Work item. Extract the lines of the material below, beginning with the first and ending with the line that holds "Креветки з кукурудзою". Skip every picture.

Data.

=== Begin Enclosure ===

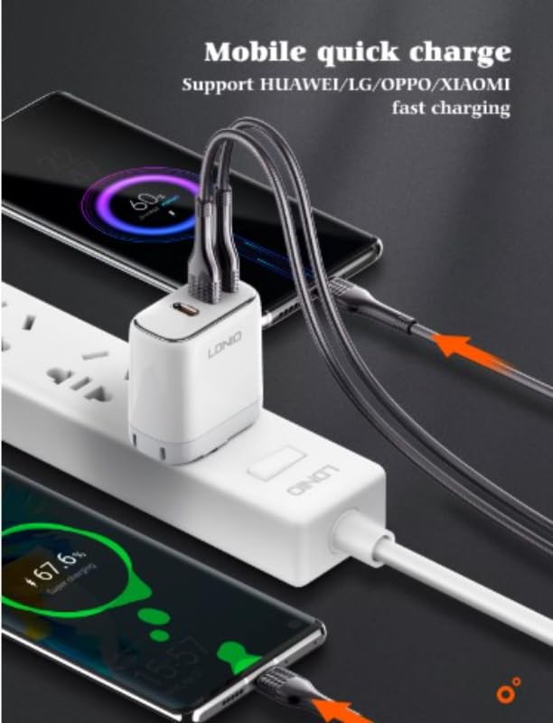 LDNIO - كابل شحن LC651C 65 واط (من منفذ USB - نوع سي إلى منفذ USB - نوع سي) فائق السرعة، مزامنة بيانات عالية، متانة، خلو من التشابك، توافق شامل لأجهزة أندرويد والتابلت وأجهزة USB نوع سي من لدنيو، ذهبي
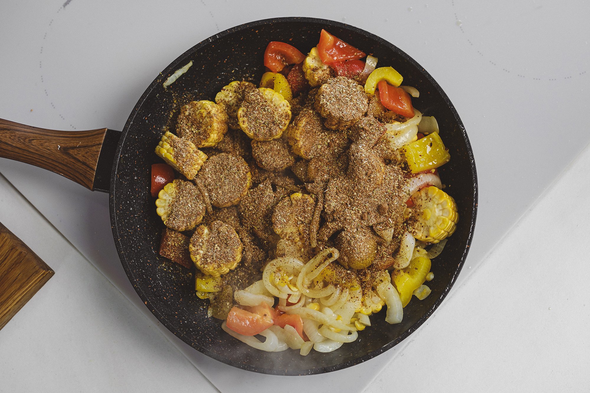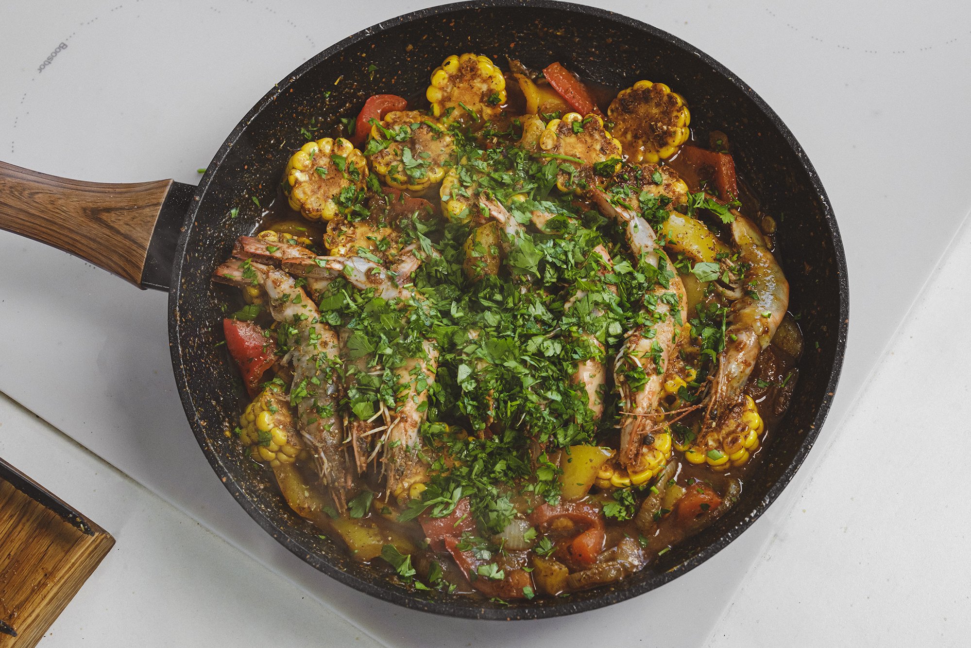 Креветки з кукурудзою в каджунському стилі — це страва, де прості інгредієнти розкриваються за допомогою спецій каджун. Комбінація креветок, овочів та кукурудзи створює збалансований смак, а готується все на одній пательні.
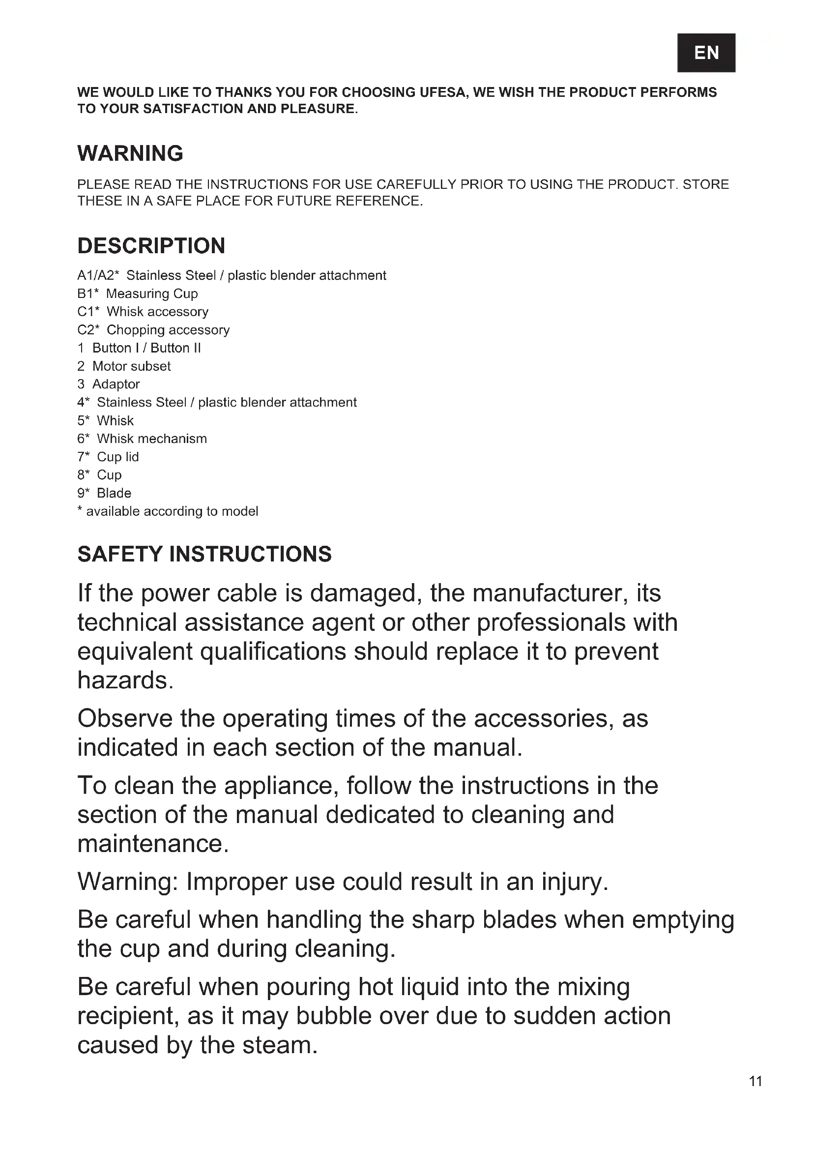 WE WOULD LIKE TO THANKS YOU FOR CHOOSING UFESA, WE WISH THE PRODUCT PERFORMS TO YOUR SATISFACTION AND PLEASURE. WARNING PLEASE READ THE INSTRUCTIONS FOR USE CAREFULLY PRIOR TO USING THE PRODUCT. STORE THESE IN A SAFE PLACE FOR FUTURE REFERENCE. DESCRIPTION A1/A2* Stainless Steel / plastic blender attachment B1* Measuring Cup C1* Whisk accessory C2* Chopping accessory 1 Button I / Button II 2 Motor subset 3 Adaptor 4* Stainless Steel / plastic blender attachment 5* Whisk 6* Whisk mechanism 7* Cup lid 8* Cup 9* Blade

=== End Enclosure ===

Solution for this problem.
 LDNIO - كابل شحن LC651C 65 واط (من منفذ USB - نوع سي إلى منفذ USB - نوع سي) فائق السرعة، مزامنة بيانات عالية، متانة، خلو من التشابك، توافق شامل لأجهزة أندرويد والتابلت وأجهزة USB نوع سي من لدنيو، ذهبي
 Креветки з кукурудзою в каджунському стилі — це страва, де прості інгредієнти розкриваються за допомогою спецій каджун. Комбінація креветок, овочів та кукурудзи створює збалансований смак, а готується все на одній пательні.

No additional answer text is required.